Your objective:
Print only the lines from the top of the data through the line with "[°ø°£´º½º = ±è¼ö±Ù±âÀÚ]", both included, skipping every picture.

Dataset extract:
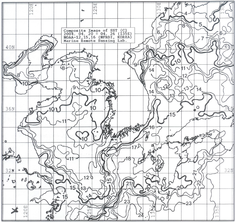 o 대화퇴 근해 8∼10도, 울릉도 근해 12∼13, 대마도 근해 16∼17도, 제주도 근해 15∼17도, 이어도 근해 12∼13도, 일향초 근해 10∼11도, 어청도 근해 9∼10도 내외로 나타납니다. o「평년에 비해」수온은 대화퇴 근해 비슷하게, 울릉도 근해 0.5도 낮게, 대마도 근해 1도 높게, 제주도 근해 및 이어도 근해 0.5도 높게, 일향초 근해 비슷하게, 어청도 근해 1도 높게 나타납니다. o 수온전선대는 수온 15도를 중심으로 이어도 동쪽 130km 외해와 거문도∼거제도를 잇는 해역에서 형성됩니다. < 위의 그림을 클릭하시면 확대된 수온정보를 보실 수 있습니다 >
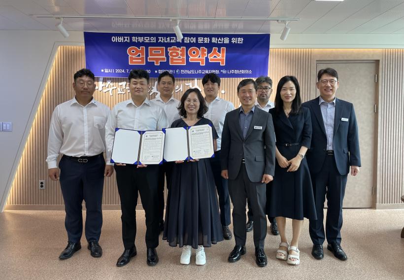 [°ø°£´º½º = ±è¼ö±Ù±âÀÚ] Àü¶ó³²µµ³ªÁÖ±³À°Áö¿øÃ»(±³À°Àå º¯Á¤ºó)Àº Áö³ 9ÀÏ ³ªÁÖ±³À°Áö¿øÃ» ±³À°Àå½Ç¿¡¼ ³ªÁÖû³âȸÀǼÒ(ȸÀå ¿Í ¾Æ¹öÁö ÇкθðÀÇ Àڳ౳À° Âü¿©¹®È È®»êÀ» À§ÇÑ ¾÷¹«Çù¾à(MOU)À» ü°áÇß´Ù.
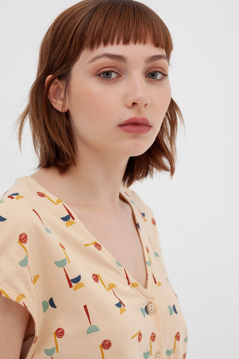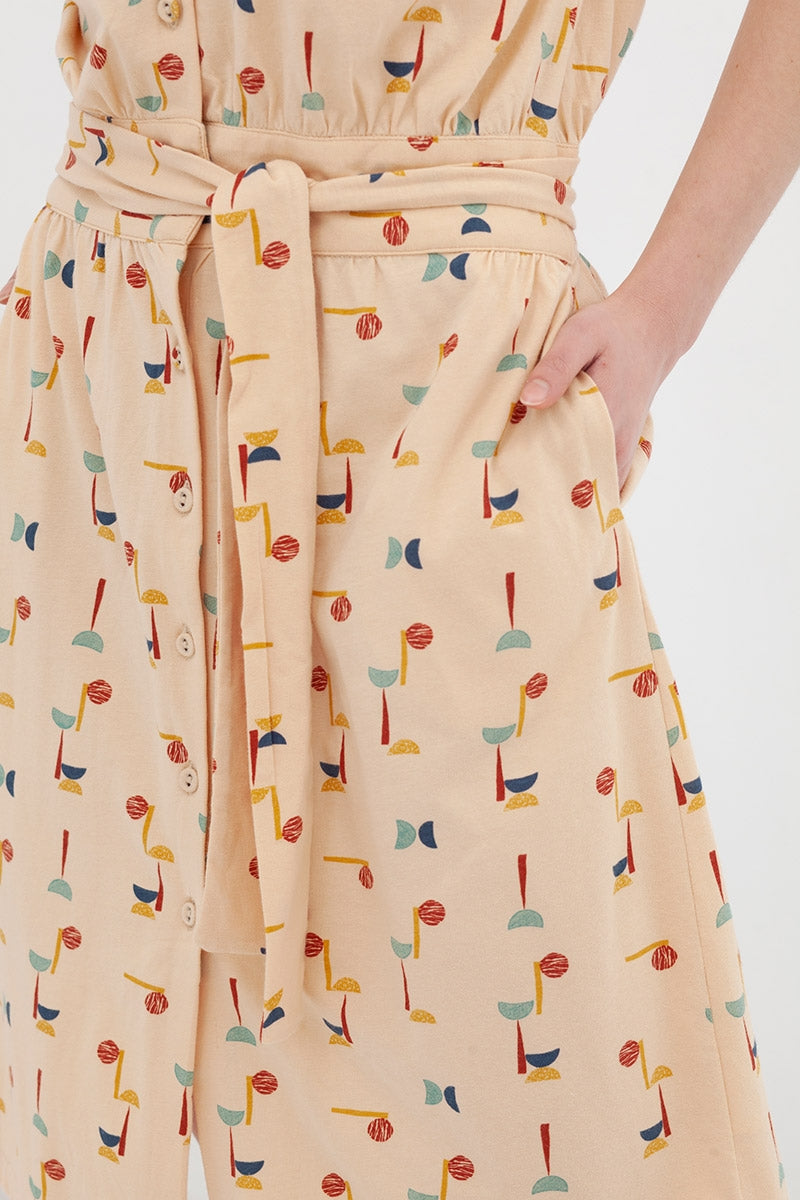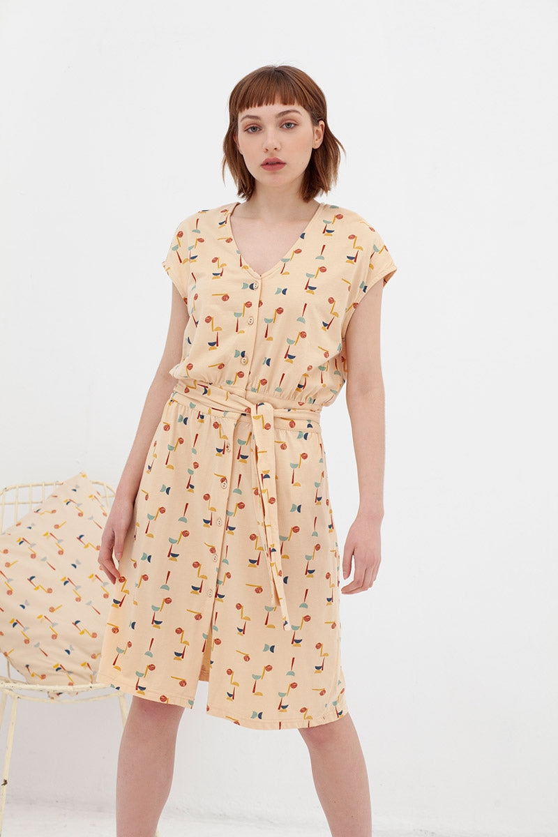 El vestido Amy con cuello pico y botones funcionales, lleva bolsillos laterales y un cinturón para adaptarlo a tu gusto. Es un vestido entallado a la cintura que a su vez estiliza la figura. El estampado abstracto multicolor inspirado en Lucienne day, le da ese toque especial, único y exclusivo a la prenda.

Output for this task:
 o 대화퇴 근해 8∼10도, 울릉도 근해 12∼13, 대마도 근해 16∼17도, 제주도 근해 15∼17도, 이어도 근해 12∼13도, 일향초 근해 10∼11도, 어청도 근해 9∼10도 내외로 나타납니다. o「평년에 비해」수온은 대화퇴 근해 비슷하게, 울릉도 근해 0.5도 낮게, 대마도 근해 1도 높게, 제주도 근해 및 이어도 근해 0.5도 높게, 일향초 근해 비슷하게, 어청도 근해 1도 높게 나타납니다. o 수온전선대는 수온 15도를 중심으로 이어도 동쪽 130km 외해와 거문도∼거제도를 잇는 해역에서 형성됩니다. < 위의 그림을 클릭하시면 확대된 수온정보를 보실 수 있습니다 >
 [°ø°£´º½º = ±è¼ö±Ù±âÀÚ] Àü¶ó³²µµ³ªÁÖ±³À°Áö¿øÃ»(±³À°Àå º¯Á¤ºó)Àº Áö³ 9ÀÏ ³ªÁÖ±³À°Áö¿øÃ» ±³À°Àå½Ç¿¡¼ ³ªÁÖû³âȸÀǼÒ(ȸÀå ¿Í ¾Æ¹öÁö ÇкθðÀÇ Àڳ౳À° Âü¿©¹®È È®»êÀ» À§ÇÑ ¾÷¹«Çù¾à(MOU)À» ü°áÇß´Ù.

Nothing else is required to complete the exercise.